Details
-
Improvement
-
Resolution: Unresolved
-
Major
-
None
-
None
Description
Raising this as a high level idea/suggestion/improvment.
Our current replicator design is built to ensure consistency in the case of channels (or other filters) changing. We do this by hashing these channels (or other filters - I'm mostly going to refer to channels here though) into the checkpoint ID. As such, if the channels change, we expect to start from 0 (or the last time we replicated that set).
This approach has a slight downside in that it makes it a little difficult to do have a "one true replicator" within your app - if you add and remove from a list of channels on an ad-hoc basis, you need to keep rechecking all the documents you've already got.

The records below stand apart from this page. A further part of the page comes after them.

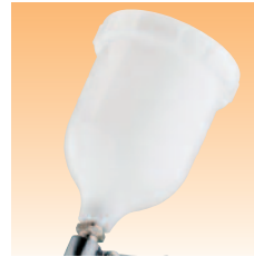
Artikelnr. für Fließbecher GFC-501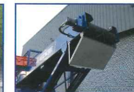
マグネットヘッドドラム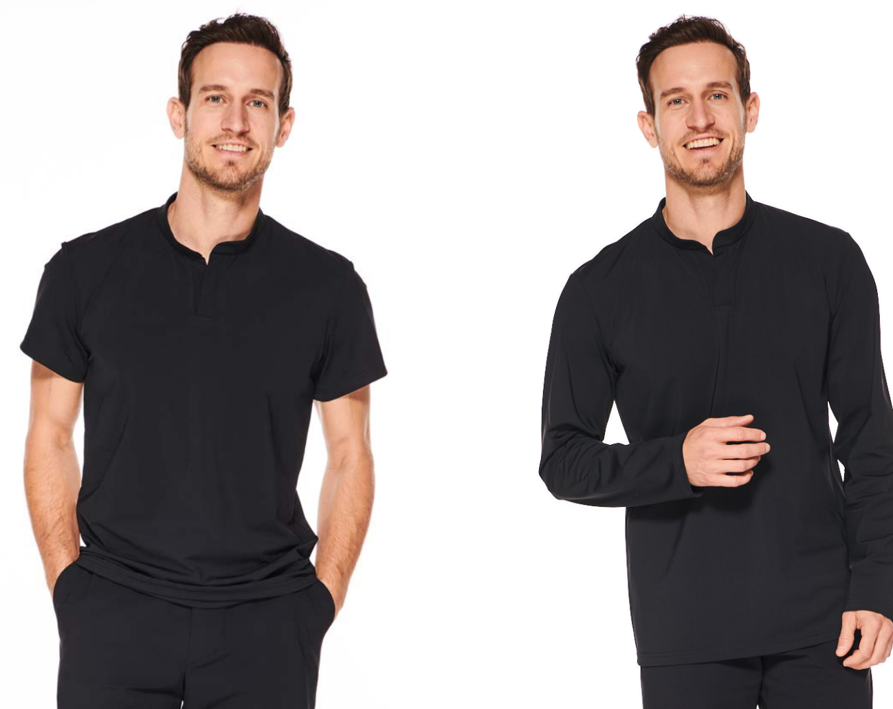
Shirt Lychee, Stehkragen, kurz-/langarm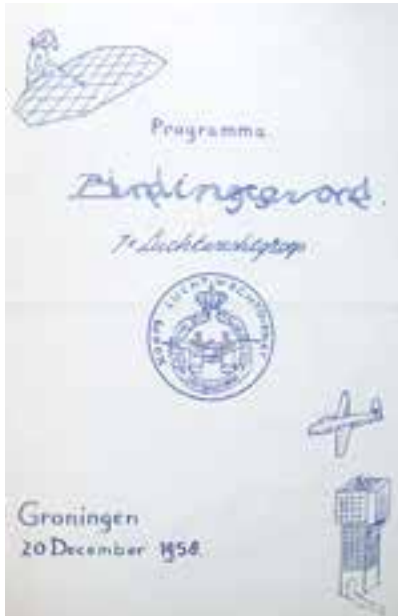
Links: Voorzijde programma bindingsavond luchtwachtgroep 7 in 1958 in Groningen.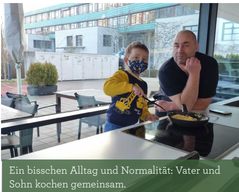
Ein bisschen Alltag und Normalität: Vater und Sohn kochen gemeinsam.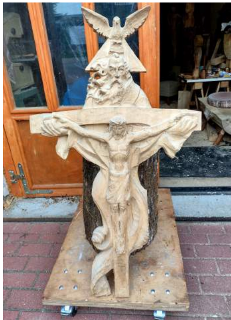
6. Miniatura kompozycji rzeźbiarskiej, która miała być umieszczona w prezbiterium „dużego kościoła”, sfotografowana na tle wejścia do pracowni E. Szatkowskiego

„AVE” nr 4 (65) z 2006 r. opublikowany został wywiad przeprowadzony przez członka redakcji tego czasopisma Janusza Kowalczyka z czaplineckim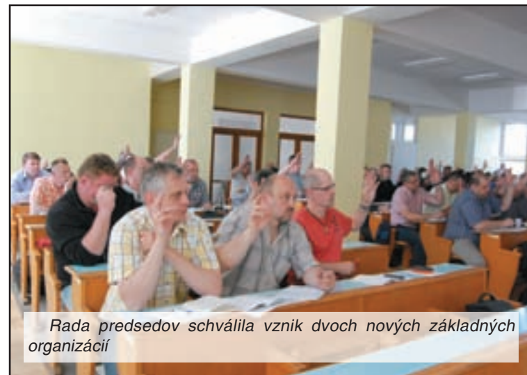
Rada predsedov schválila vznik dvoch nových základných organizácií

buldol pocit, že predsedovia si zobrali za svoje dôležitú úlohu aktivizovať ľudí a primaf ich k tomu, aby dve percentá venovali OZP. Vefa ľudí zrejme ešte túto

Taking a particularly bad case - imagine having a channel metadata which contains ~10k docs of metadata that are generally considered to be needed by everyone, and therefore almost everyone replicates this channel. Add to this specific channels for location_N where a user might be replicating a handful which changes frequently ("today, you're assigned to locations 1, 19 ,127..." etc.). In this case, having one replicator with [metadata, location_1, location_19, location_127] will recheck all of metadata even if it only actually needs to pick up 1 change in location_127 - we do of course get the saving that we don't need to pul those documents, but the checking will still be a substantial overhead.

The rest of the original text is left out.